Dans un échange avec la presse parlementaire, M. Couillard a déclaré que ces arrestations témoignent d'une autre époque.

«Le parti que je dirige actuellement a une pratique exemplaire en financement politique, on fait du financement populaire», a-t-il dit.

Des élus de l'époque toujours présents

La députée de Québec solidaire Françoise David a affirmé que la déclaration de M. Couillard était prématurée, dans le contexte où des ministres en fonction actuellement étaient soumis aux anciennes exigences de récolter 100 000 $ en dons chaque année.
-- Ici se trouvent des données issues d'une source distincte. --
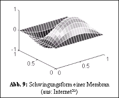 Stehende Wellen können sich nicht nur auf schwingenden Saiten, wie im Abschnitt 3.1.1 beschrieben, sondern auch auf angeschlagenen Platten ausbilden. Der deutsche Physiker CHLADNI (1756 - 1827) machte Versuche mit dünnen Platten, auf denen er mit Hilfe von feinem Sand die sog. Knotenlinien ohne Auslenkung und Zonen stärkerer Auslenkung, die jeweils gegenphasig schwingen, sichtbar machte. In Abb. 9 ist eine einfache Schwingungsform einer an den Rändern eingespannten Membran zu sehen, die sich vergleichbar einer Chladiniplatte verhält. Untersucht man die möglichen Frequenzen der Oberschwingungen dieser quadratischen Membran, so stellt sich heraus, dass sie mit der Grundfrequenz im allgemeinen nicht in einem musikalisch harmonischen Verhältnis stehen.
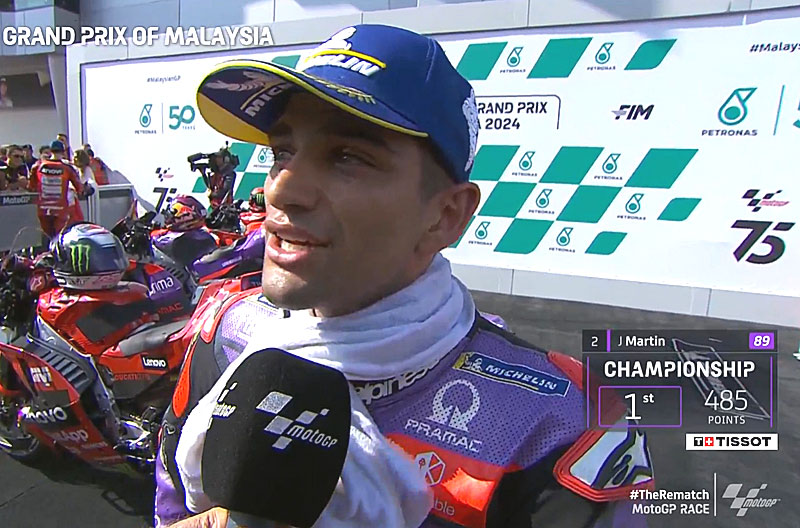 A peine descendu de sa Ducati GP24 du team Pramac après avoir terminé 2e du Grand Prix de Malaisie MotoGP 2024 à Sepang, Jorge Martin s’est confié devant les caméras du site officiel MotoGP.com avec la satisfaction d’avoir tout fait, sauf l’épicier…
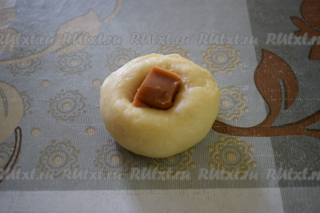 Аккуратно защипываем тесто над конфетой и формируем кругленькую булочку. Таким образом формируем все 16 булочек с начинкой из конфет "Коровка".
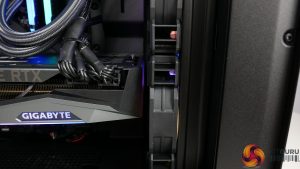 Realistically, though, this is the only mounting orientation that is possible in the NZXT H511 chassis with the RTX 3080 installed. This again references my earlier point of a higher end chassis being more fitting for a build of this calibre. Something a little more premium and with more cooling flexibility, such as the ability to take a roof-mounted 240mm AIO, would have been a better option.
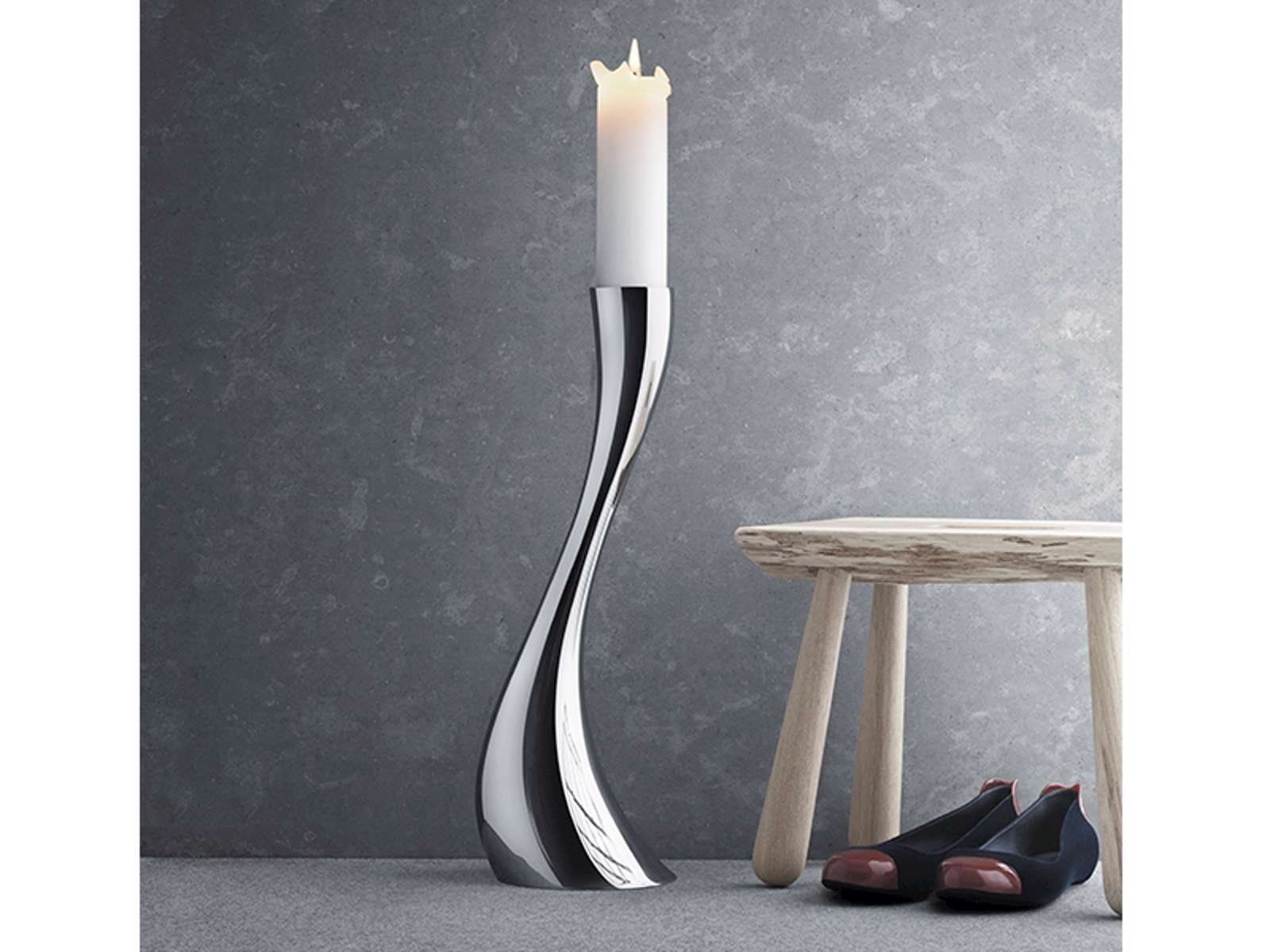 I takt med at Georg Jensen har haft voksende success med Cobra serien, er seien også vokset. Den klassiske Cobra lysestage kommer nu i en større gulvstage udgave til bloklys. Cobra gulvstagen er yderst dekorativ og kan med fordel sættes sammen med deøvrige størrelser i serien. Lysestagen er af blankt rustfrit stål og måler H500 mm. Designet af Constantin Wortmann.

«C'est certainement prématuré de dire que ça n'a aucun rapport avec le Parti libéral actuel puisqu'il y a aujourd'hui à l'Assemblée nationale des députés et des ministres qui étaient là à cette époque-là, a-t-elle dit. Alors, on verra. Moi, je ne veux préjuger de rien, mais on verra, là, il y a quand même des gens qui sont encore là, il y a des ministres à 100 000 $ qui sont encore là.»

Selon Mme David, il ne faut pas exclure la possibilité que l'UPAC effectue d'autres arrestations.

«Je vous rappelle qu'il y avait quand même pas mal de gens du Parti libéral qui avaient été nommés dans le rapport de la commission Charbonneau, a-t-elle dit. Est-ce que toutes ces personnes vivront une arrestation? Nous n'en savons rien.»